The request responds to applications for special leave to appeal filed by two policyholders seeking to overturn the Federal Court’s decision, which found that their losses were not covered by their policy clauses.  

Earlier in February 2022, the Full Court of the Federal Court of Australia had upheld arguments made by insurers in four out of five matters raised, finding that in those four matters, insurers were not liable to indemnify policyholders.  

Of the policyholders seeking appeal, one party will argue that cover is available under a ‘prevention of access’ clause or the ‘hybrid clause’ in their policy, and the other party will argue that cover is available under the ‘prevention of access clause’ or the ‘catastrophe clause’ in their policy.  

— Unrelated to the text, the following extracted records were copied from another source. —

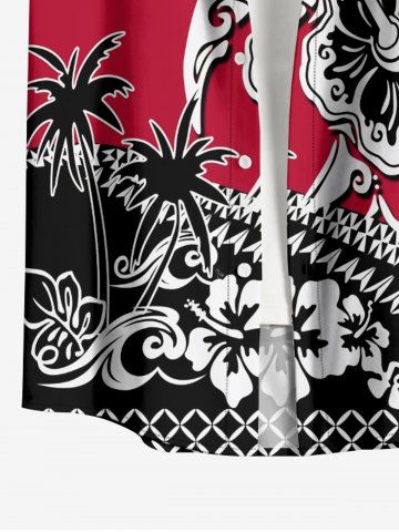 Chemise hawaïenne grande taille pour homme, à imprimé géométrique de cocotiers et d'hibiscus, boutons et poche. - Rouge - Rouge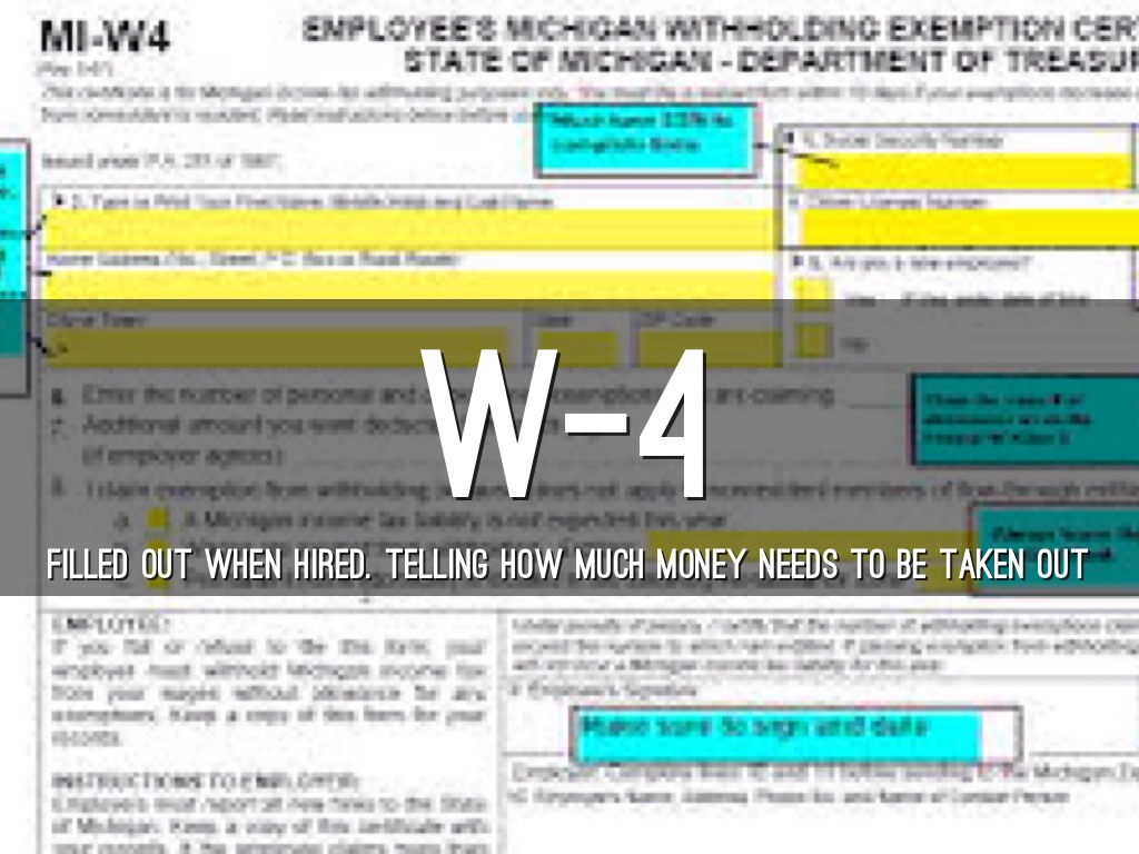 FILLED OUT WHEN HIRED. TELLING HOW MUCH MONEY NEEDS TO BE TAKEN OUT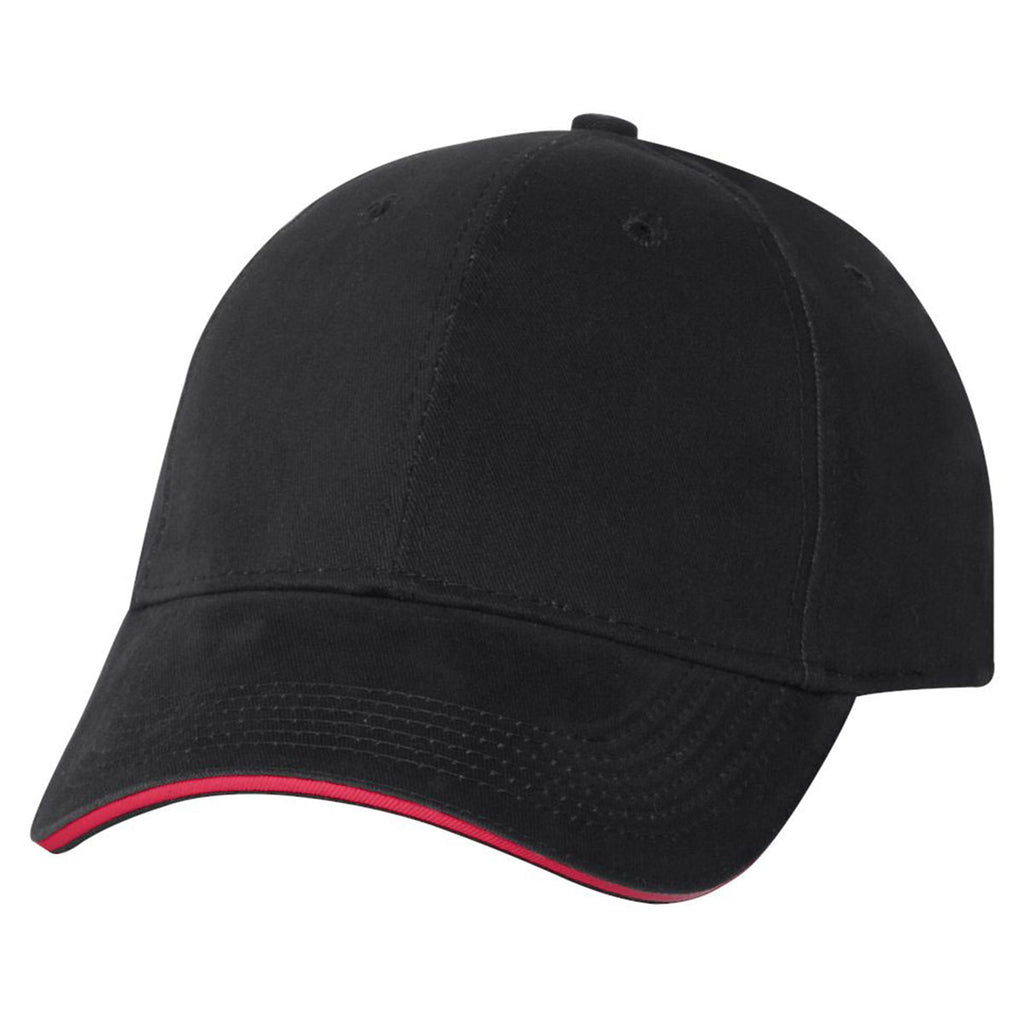 Bayside Black/Red USA-Made Structured Twill Cap with Sandwich Visor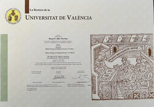 -Máster Propio en Medicina Forense impartido por la Universitat de Valencia, octubre 2018.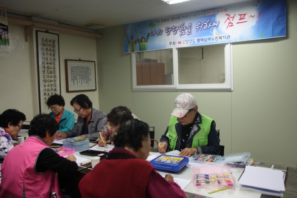 ■ 내용: 색채심리미술치료사 김만섭 강사님의 진행으로 자아존중감향상을 위한 미술치료 집단프로그램을 진행하였습니다. 이 프로그램은 개인 스스로의 갈등과 자기표현법을 배워 자신과 다른 사람에 대한 존중감 을 향상 될 수 있도록 하여 노년기 타인에 대한 이해와 나의 삶에 대한 이해을 돕고자 하기 위함입니다.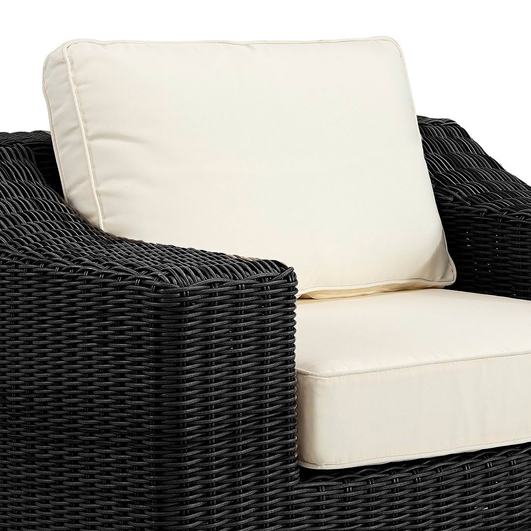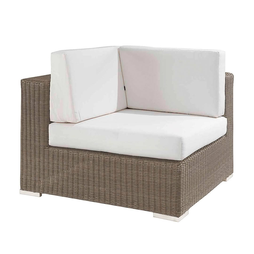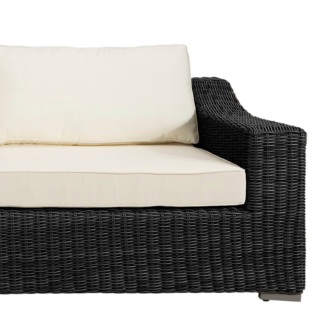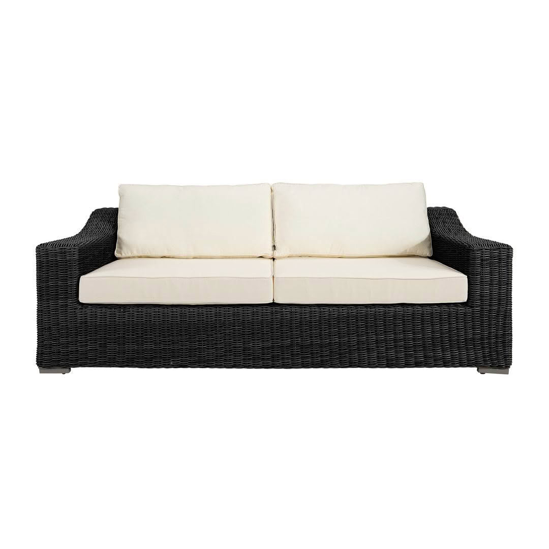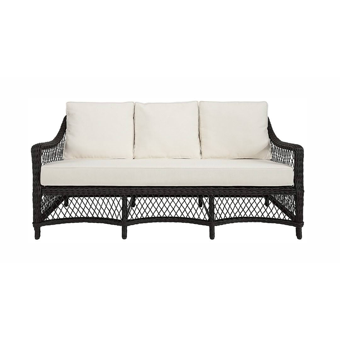 Wicker outdoor sofa with white cushions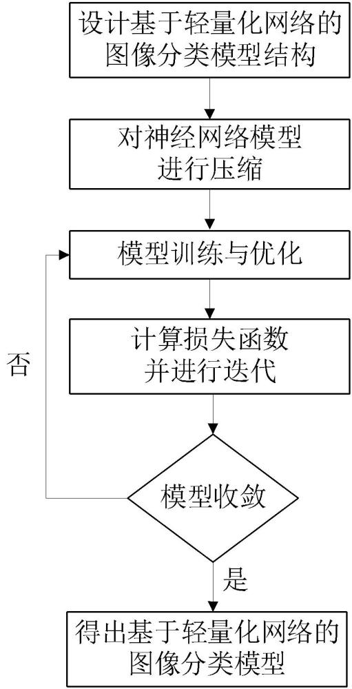 本发明公开了一种基于轻量化网络的图像分类方法和系统。传统的图像分类算法在边缘设备上运行时面临着资源占用较大、计算复杂度高的问题,为此,本发明提出了一种基于轻量化神经网络模型的图像分类方法,其包括以下步骤:首先设计适用于图像分类的网络结构配置,再采用参数剪枝技术对神经网络模型进行压缩,然后对其进行训练与优化,得到最终的基于轻量化网络的图像分类模型并将其部署至边缘设备,在边缘设备上实现实时图像分类,以满足图像处理的实际需求。该技术可广泛应用于边缘设备上的图像处理与分类任务,大大节省了人力成本,具有重要的实际应用价值。

The insurer IAG has also filed an application, specifically seeking to appeal the Full Court’s decision that JobKeeper payments should not be taken into account when calculating insurance payments.  

The Insurance Council of Australia has acknowledged the High Court’s request for oral arguments and has maintained that the insurance industry will meet the costs of policyholders in the appeal process.  

The High Court has indicated that a hearing would be listed in October 2022 at the very earliest.  

This case serves as the insurance industry’s second Business Interruption test case, with the first test case arising last year in relation to policies with exclusions made in reference to an expired Act of Parliament.